## Extracted records:
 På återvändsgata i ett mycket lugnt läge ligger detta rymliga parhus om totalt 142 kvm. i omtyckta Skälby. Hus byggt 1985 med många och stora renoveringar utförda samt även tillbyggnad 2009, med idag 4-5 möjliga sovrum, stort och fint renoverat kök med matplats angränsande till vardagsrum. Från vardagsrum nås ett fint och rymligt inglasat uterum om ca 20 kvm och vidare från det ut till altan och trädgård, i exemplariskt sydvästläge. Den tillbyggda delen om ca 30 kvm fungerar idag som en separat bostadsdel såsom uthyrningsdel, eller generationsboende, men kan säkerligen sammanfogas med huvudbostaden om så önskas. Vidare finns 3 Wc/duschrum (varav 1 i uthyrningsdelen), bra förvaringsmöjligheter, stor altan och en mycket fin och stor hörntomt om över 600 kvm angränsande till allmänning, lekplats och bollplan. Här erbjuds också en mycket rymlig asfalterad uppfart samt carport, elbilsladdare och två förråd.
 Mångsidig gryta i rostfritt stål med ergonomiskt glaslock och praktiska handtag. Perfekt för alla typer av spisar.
==
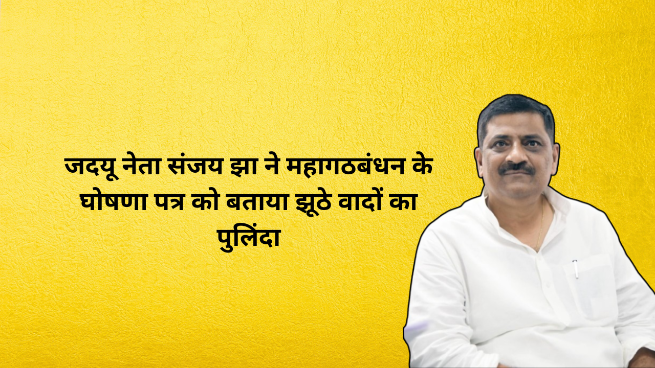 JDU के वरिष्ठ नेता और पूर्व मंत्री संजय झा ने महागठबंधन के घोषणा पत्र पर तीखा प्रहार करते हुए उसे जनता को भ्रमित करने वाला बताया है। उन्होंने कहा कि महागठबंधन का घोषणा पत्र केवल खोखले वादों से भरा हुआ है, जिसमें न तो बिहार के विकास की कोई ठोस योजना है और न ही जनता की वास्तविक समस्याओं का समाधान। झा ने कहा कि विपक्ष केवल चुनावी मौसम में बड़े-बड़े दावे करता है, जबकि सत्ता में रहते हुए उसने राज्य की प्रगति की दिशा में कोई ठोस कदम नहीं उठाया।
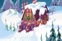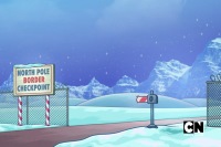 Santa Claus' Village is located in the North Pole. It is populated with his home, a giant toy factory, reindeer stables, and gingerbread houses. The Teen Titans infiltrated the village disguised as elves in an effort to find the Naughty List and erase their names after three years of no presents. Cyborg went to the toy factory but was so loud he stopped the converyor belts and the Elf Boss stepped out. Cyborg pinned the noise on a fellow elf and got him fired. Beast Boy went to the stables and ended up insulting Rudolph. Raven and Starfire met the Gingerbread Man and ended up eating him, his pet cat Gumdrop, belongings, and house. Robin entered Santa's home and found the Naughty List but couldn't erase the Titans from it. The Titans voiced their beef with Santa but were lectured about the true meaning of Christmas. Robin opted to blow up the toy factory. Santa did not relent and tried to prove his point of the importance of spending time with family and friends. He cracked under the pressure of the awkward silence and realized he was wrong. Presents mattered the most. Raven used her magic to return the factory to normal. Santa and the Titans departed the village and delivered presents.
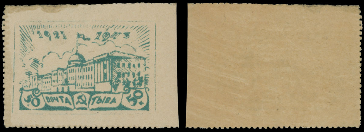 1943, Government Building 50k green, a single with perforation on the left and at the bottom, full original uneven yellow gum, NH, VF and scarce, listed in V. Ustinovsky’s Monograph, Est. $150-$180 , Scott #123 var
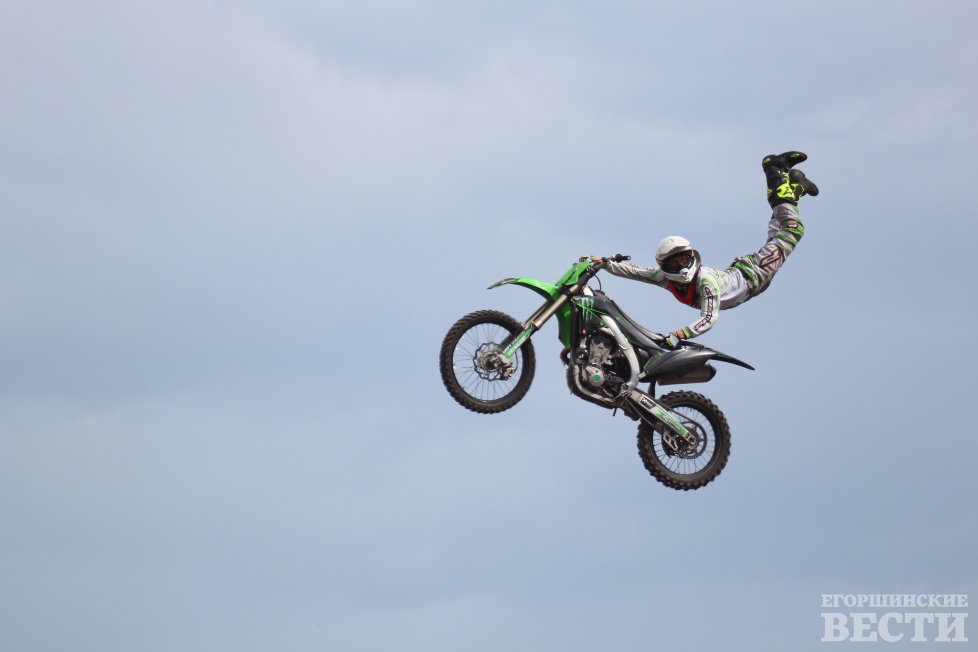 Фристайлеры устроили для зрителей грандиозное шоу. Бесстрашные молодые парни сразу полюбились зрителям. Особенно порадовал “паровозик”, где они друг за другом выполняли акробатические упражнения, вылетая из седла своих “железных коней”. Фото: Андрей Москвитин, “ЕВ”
---
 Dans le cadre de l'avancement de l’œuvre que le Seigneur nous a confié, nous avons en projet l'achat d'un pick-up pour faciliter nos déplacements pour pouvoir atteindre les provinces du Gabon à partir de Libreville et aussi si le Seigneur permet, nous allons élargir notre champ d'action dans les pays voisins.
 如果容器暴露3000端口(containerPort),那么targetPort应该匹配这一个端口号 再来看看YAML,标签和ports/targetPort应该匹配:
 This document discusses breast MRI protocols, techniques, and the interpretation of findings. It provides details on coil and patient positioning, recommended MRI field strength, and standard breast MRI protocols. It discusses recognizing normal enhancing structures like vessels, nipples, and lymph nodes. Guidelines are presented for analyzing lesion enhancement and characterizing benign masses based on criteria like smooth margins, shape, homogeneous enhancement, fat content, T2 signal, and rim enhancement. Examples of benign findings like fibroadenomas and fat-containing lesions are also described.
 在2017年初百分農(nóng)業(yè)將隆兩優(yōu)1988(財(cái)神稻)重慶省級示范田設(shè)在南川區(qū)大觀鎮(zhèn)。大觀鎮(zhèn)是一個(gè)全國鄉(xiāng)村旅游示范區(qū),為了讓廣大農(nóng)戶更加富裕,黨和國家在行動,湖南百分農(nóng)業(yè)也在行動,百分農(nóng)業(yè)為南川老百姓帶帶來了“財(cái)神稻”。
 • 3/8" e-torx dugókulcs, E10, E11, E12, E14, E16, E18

## Required action:
What you return must be the lines above that run from the line with "在2017年初百分農(nón" to the line with "E14, E16, E18", inclusive, each copied exactly.

## Completed exercise:
 在2017年初百分農(nóng)業(yè)將隆兩優(yōu)1988(財(cái)神稻)重慶省級示范田設(shè)在南川區(qū)大觀鎮(zhèn)。大觀鎮(zhèn)是一個(gè)全國鄉(xiāng)村旅游示范區(qū),為了讓廣大農(nóng)戶更加富裕,黨和國家在行動,湖南百分農(nóng)業(yè)也在行動,百分農(nóng)業(yè)為南川老百姓帶帶來了“財(cái)神稻”。
 • 3/8" e-torx dugókulcs, E10, E11, E12, E14, E16, E18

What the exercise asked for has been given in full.